* [Assigned task]
A single count is required: the lines of the data below in which the word "Figura" occurs.

━━━━━━━━

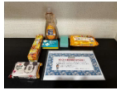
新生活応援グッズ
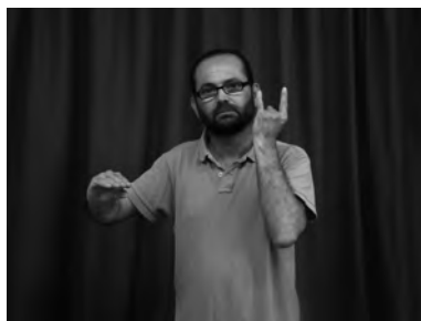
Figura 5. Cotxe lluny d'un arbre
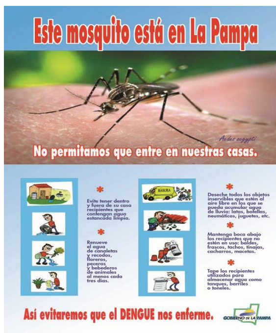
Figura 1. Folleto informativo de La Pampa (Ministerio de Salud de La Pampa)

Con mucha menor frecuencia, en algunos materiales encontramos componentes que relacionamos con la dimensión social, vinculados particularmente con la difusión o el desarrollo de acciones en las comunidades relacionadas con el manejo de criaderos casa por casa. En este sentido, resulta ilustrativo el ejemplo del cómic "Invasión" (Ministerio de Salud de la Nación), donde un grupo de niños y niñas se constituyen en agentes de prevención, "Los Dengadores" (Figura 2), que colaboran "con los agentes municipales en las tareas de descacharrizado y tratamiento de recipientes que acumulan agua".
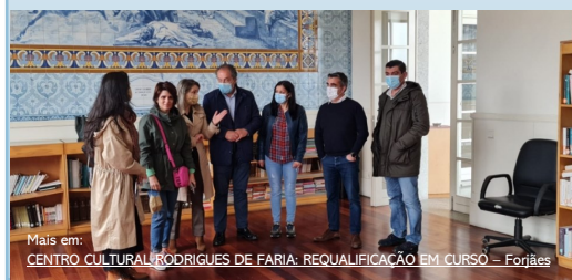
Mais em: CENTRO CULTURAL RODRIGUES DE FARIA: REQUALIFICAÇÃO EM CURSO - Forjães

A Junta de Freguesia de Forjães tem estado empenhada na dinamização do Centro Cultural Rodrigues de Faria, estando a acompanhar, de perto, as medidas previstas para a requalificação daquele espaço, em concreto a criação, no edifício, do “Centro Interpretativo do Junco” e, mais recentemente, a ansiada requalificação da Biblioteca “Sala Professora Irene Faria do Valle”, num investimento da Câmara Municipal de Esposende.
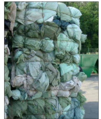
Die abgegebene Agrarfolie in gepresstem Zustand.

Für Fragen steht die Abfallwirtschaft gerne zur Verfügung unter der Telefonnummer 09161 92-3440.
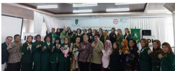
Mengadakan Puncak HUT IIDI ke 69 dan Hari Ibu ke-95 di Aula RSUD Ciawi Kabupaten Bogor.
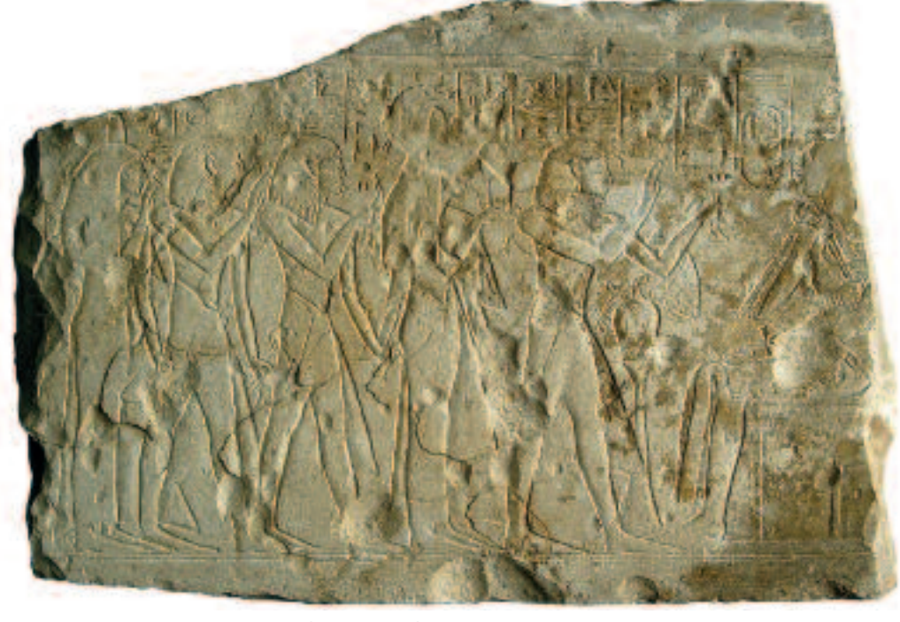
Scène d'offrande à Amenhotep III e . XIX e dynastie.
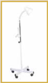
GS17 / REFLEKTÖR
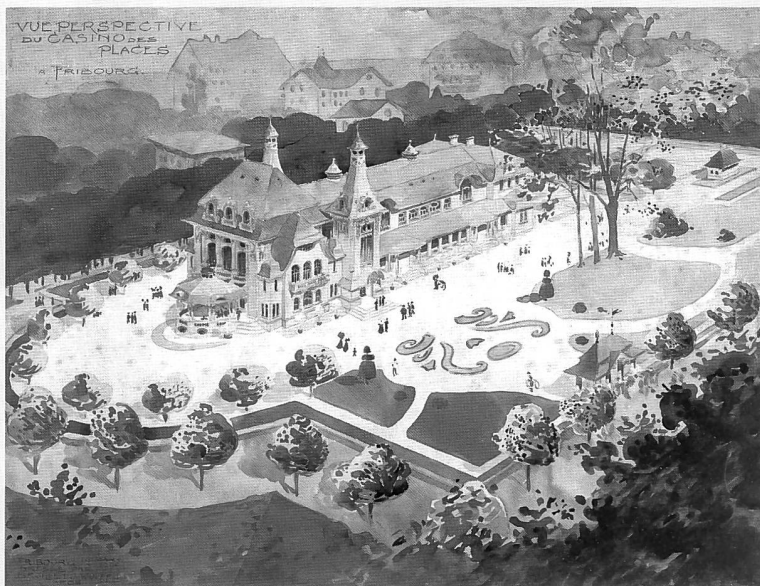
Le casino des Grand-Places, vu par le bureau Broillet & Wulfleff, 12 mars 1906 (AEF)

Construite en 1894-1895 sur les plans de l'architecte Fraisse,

━━━━━━━━

* [Task response]
3